We’re pretty close to having a functioning WebAssembly application. We need two other things: a main function and a webpage that contains it all. The main function is pretty straightforward: we need to signal the JS runtime that the JS function decryptPDF() internally executes pdfWrapper(). Then we need a channel that listens indefinitely to avoid closing the WebAssembly application too soon, or else the exported Go functions will become unavailable.

import (
	"bytes"
	"fmt"
	"syscall/js"

	"github.com/pdfcpu/pdfcpu/pkg/api"
	"github.com/pdfcpu/pdfcpu/pkg/pdfcpu"
)

func DecryptPDF(input []byte) ([]byte, error) {
	// ...
}

func pdfWrapper() js.Func {
	// ...
}

func main() {
	fmt.Println("Hello from Go WebAssembly!")
	js.Global().Set("decryptPDF", pdfWrapper())
	<-make(chan bool)
}

Step 2, write a (ugly) frontend!

We’re set, we have every piece in place, we only need to glue them together in a HTML page! I apologize in advance because my frontend skills are even worse than my backend’s, so have a little mercy.

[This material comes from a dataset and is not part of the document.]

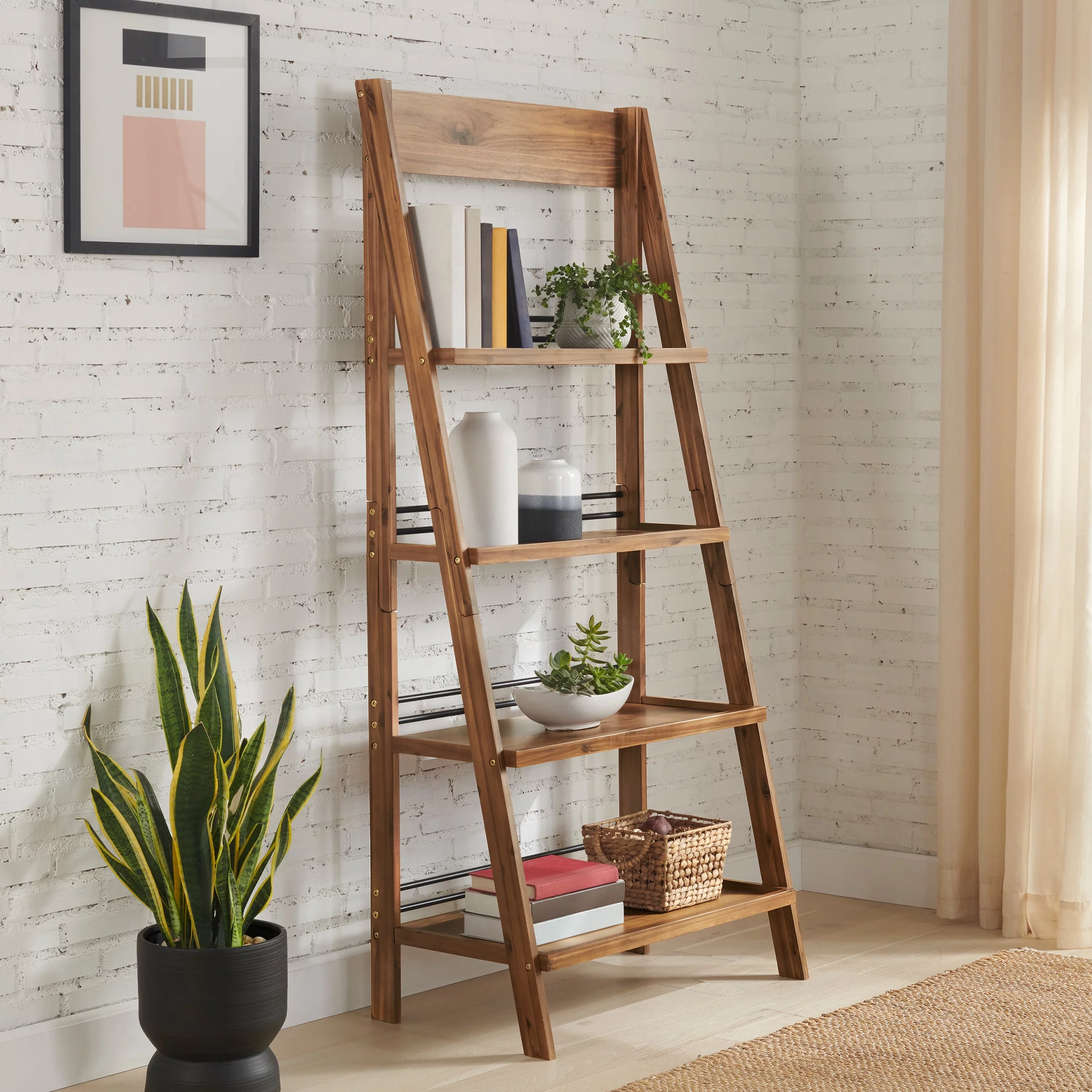 Lavish Home 4-Tier Tall Ladder Bookshelf for Living Room or Office (Walnut)

We’re going to add a couple of components in our main HTML page and a script that handles the file IO and boom, we’re done! When our processing’s done, the Download link will colorize and we can download the decrypted file.

So, let’s edit our ./cmd/server/assets/index.html. Before the closing </html> tag add the following:

<-- ./cmd/server/assets/index.html -->
<html>
<head>
...
</head>
<body>
    <input type="file" accept=".pdf" />
    <div id="result"><a id="link" target="_blank" download="file.txt">Download</a></div>
</body>
<script>
    document.querySelector('input').addEventListener('change', async (event) => {
        const buffer = await event.target.files[0].arrayBuffer();

        // Add a suffix to the soon-to-be-downloaded file
        const name = event.target.files[0].name ?
            event.target.files[0].name.replace(new RegExp(".pdf" + '$'), '-decrypted.pdf') :
            "file.pdf";

        var file = new Uint8Array(buffer);

        var data = [];
        try {
            data.push(await decryptPDF(file));
        } catch (err) {
            console.error('caught error from WASM:', err);
            return;
        }

        var properties = { type: 'application/pdf' }; // Specify the file's mime-type.
        try {
            // Specify the filename using the File constructor, but ...
            const nameInDownload = name;
            file = new File(data, name, properties);
        } catch (e) {
            // ... fall back to the Blob constructor if that isn't supported.
            file = new Blob(data, properties);
        }

        var url = URL.createObjectURL(file);
        document.getElementById('link').href = url;
	// Change the download name to our *-decrypted.pdf name
        document.getElementById('link').download = name;
    }, false)
</script>
</html>

Step 3: profit!

Recompile the WASM (this is important!) and re-run the server.

GOOS=js GOARCH=wasm go build -o ./cmd/server/assets/wasm/pdf.wasm cmd/wasm/main.go
// and run the server!
go run ./cmd/server

Go to http://localhost:9090 and we’re done!

Conclusions

We learned how to make Go and JS interact and how to pwn (sort of) write-locked PDFs without knowing the password. Here’s the complete code packed in a single repository: kriive/decrypt-wasm.

If you wanna use the web app: https://kriive.github.io/decrypt-wasm.

Feel free to fork the project and (hopefully) implement a better frontend! PRs welcome!


  1. WebAssembly: a technology that allows you to execute some binaries on a virtual machine inside your web page. It’s a standard and it’s implemented by almost every major browser. Even Safari on iOS! ↩︎

  2. Polyfill: code that implements a feature on web browsers that do not support the feature (Wikipedia definition)↩︎

  3. We will need to manually generate the compressed files, the package searches for brotli or gzipped compressed files. ↩︎